The duplex turned out to be nice but not nice enough. Depressing living room, basement which floods and won't work as a laundry room, no yard, not a very warm place. But a nice neighbor. Whose sons go to the school Damian will probably attend and who both play musical instruments (one is in fact a drummer!). We were almost kind of tempted, but not.

We went to my friend Cathy's for dinner (and a dip in their pool) and I called the carriage house owner to tell her we want the place. She ran the credit check. We went back over to the house after dinner, met her husband and kids. I was worried about this part. Would the husband be stuffy? Would Damian like the kids, his neighbors? Was this workable, would personalities mesh? They did. The girls took Damian down to their playroom, I heard giggles floating up. His giggles. And we liked the husband and I think he liked us.

We have a place to live in our new town. We signed a year's lease. They know our situation, know we plan to buy again sooner or later. Hell, I wouldn't be surprised if they end up helping us look! Nice people. My kind of people. Feels like coming home.

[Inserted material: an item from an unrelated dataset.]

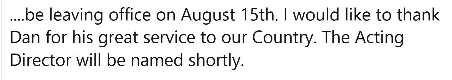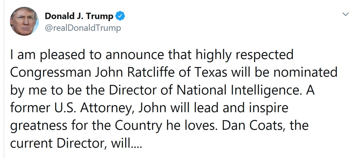 特朗普在推特上表示,科茨将于8月15日辞职,他将提名德克萨斯州国会议员约翰·拉特克里夫(John Ratcliffe)接替科茨。特朗普表示,拉特克里夫将领导并“激励他所热爱的国家实现伟大”。他同时感谢了丹·科茨为国家的服务。

It'll be tricky fitting our furniture into a space smaller than we're used to but we can discard some and store some if need be. It may feel strange at first, two very small bedrooms instead of three-smallish-plus-office. But the open main space feels so good, so welcoming, and we got what we wanted above all else. Peace and light and a lease that starts in September.

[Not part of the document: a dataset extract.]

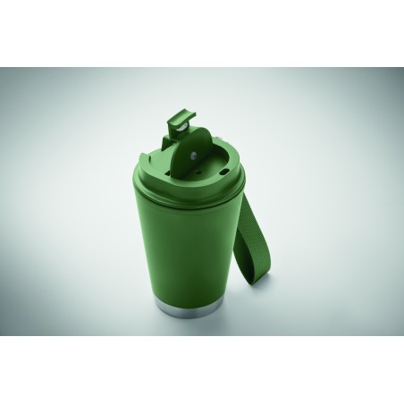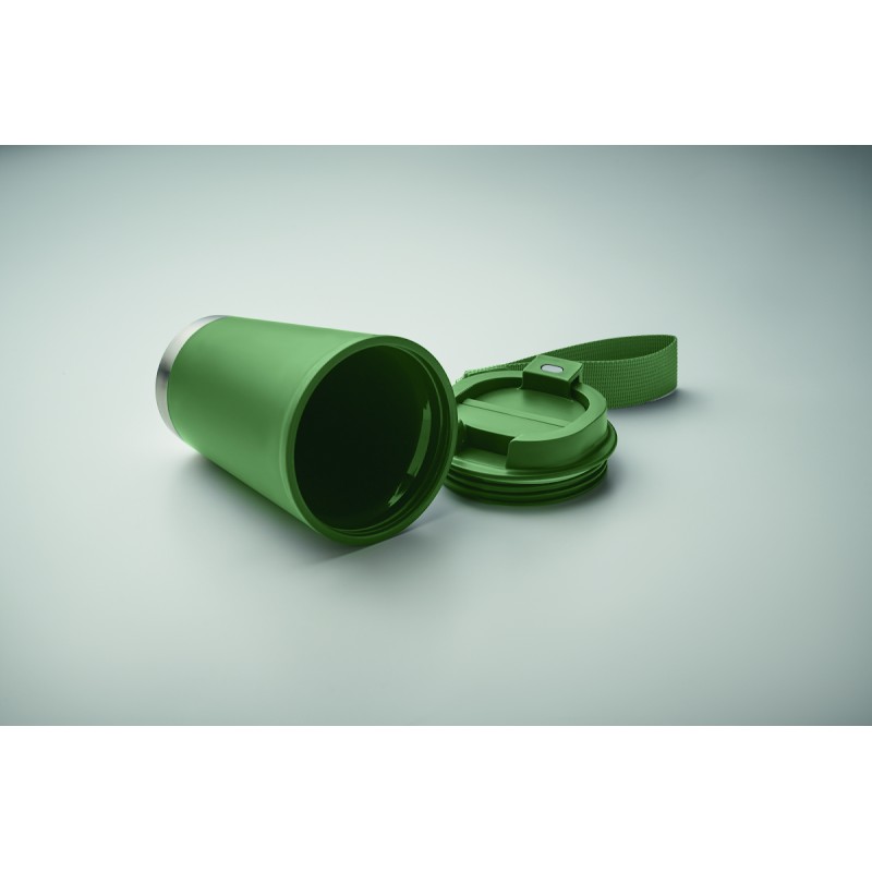 Gobelet à double paroi intérienr en PP, extérieur en PP recyclé, détails en acier inoxydable recyclé et bracelet en RPET. Capacité : 300 ml.

Posted by Tamar at 08:10 PM | Comments (4) | TrackBack

June 09, 2005

this is how it goes

I spent most of yesterday in a deep blue funk. I feel much better today, even though the situation is the same. Maybe I'm resigned. Maybe it's started to seem almost inevitable, the evolution of a city, and I'm partaking in that process whether or not I want to do so.

We've had three offers for the house. All from builders or investors with intent to build. None from people who would actually want to live here. At least four people/sets of people walked away from viewing the house saying they loved it and planned to make an offer and then… didn't. I think they all went home and, once they were no longer standing here, the spell was gone and the "Oh my god, sandwiched between apartment buildings??" reality hit full blast.

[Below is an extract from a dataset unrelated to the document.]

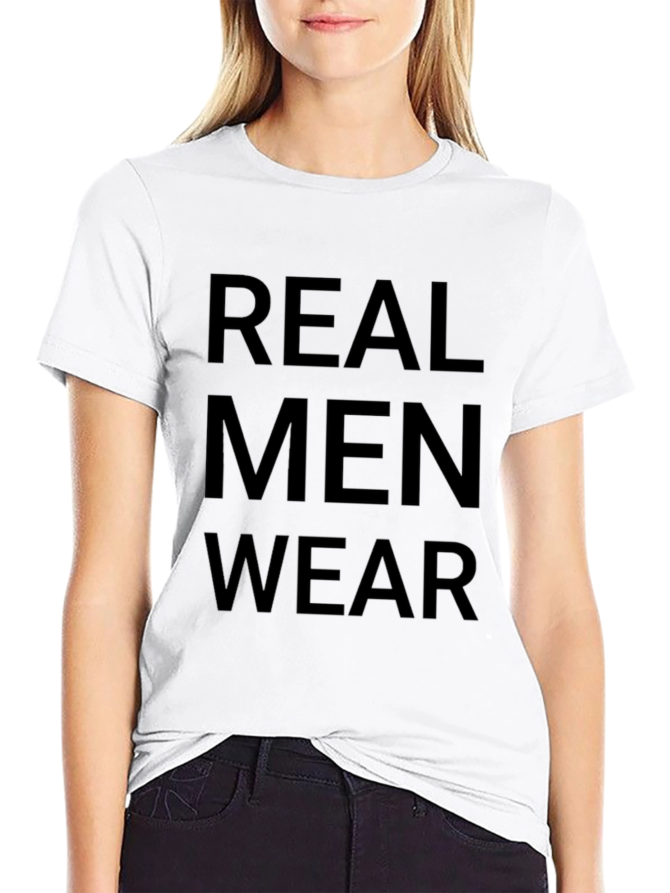 Make a statement with this bold black t-shirt featuring the text "REAL MEN WEAR." Crafted from a comfortable, breathable fabric, this tee is perfect for everyday wear. The classic fit ensures a relaxed and stylish look, whether you're heading to a casual outing or simply lounging at home. Pair it with jeans or shorts for a versatile ensemble that exudes confidence and individuality. Show off your unique sense of style with this must-have addition to your wardrobe. Ideal for those who want to express themselves, this t-shirt is a conversation starter and a reflection of your personality. Grab yours today and let your clothing do the talking!

It was different when we bought the house. Not because it was an easy decision then. It wasn't. But because we were dealing with less than half the expense. Prices are so out of control in LA now. People are spending so very much money. And this is not a situation that can improve. You can add onto a small house. A dicey neighborhood can become gentrified. Apartment buildings aren't going to metamorphose into single family homes. You're stuck with them. It's no wonder if prospective buyers look at each other and say, "We're going to pay all that cash and live like that? Why on earth??" And, too, I think the recent spate of articles about the imminent housing bubble burst has people second guessing their choices. Rightly so. They may have to live in them a long time. That, or sell at a loss.

It seems that if we want to sell to real live people, we have to price the house lower than the market value, which is already lower than it would be if it weren't in an awkward spot (ie: between apartments). Maybe fifty thousand dollars lower. Maybe more. That money buys us another year of settling into our new life or, if things go reasonably well, it might be the chunk of money we need to make our down payment high enough to buy a decent house in Jersey. In other words, it would be a pretty dumb move to lower the price that much. Save a house, screw with your future.

It breaks my heart, this beautiful house gone. But in another way, I get it. The house is an anomaly. A relic. There are a few others on this block, in this area, but not that many. And it's not fun being a homeowner among renters. They toss trash in our yard, park in our driveway, talk on their cell phones outside our windows (okay, that last hasn’t happened for a while, but it has happened). It's a very urban environment, not quite the white-picket-fence dream. A condo building here would fit better. Would suit the neighborhood better. Would feel better to the people who buy in.

This house has an expiration date. We knew it when we moved in. Dan said he thought we'd likely be the last people to live here. We tried to fix it up, make it nice, entice people, avoid that fate. But it seems he was right.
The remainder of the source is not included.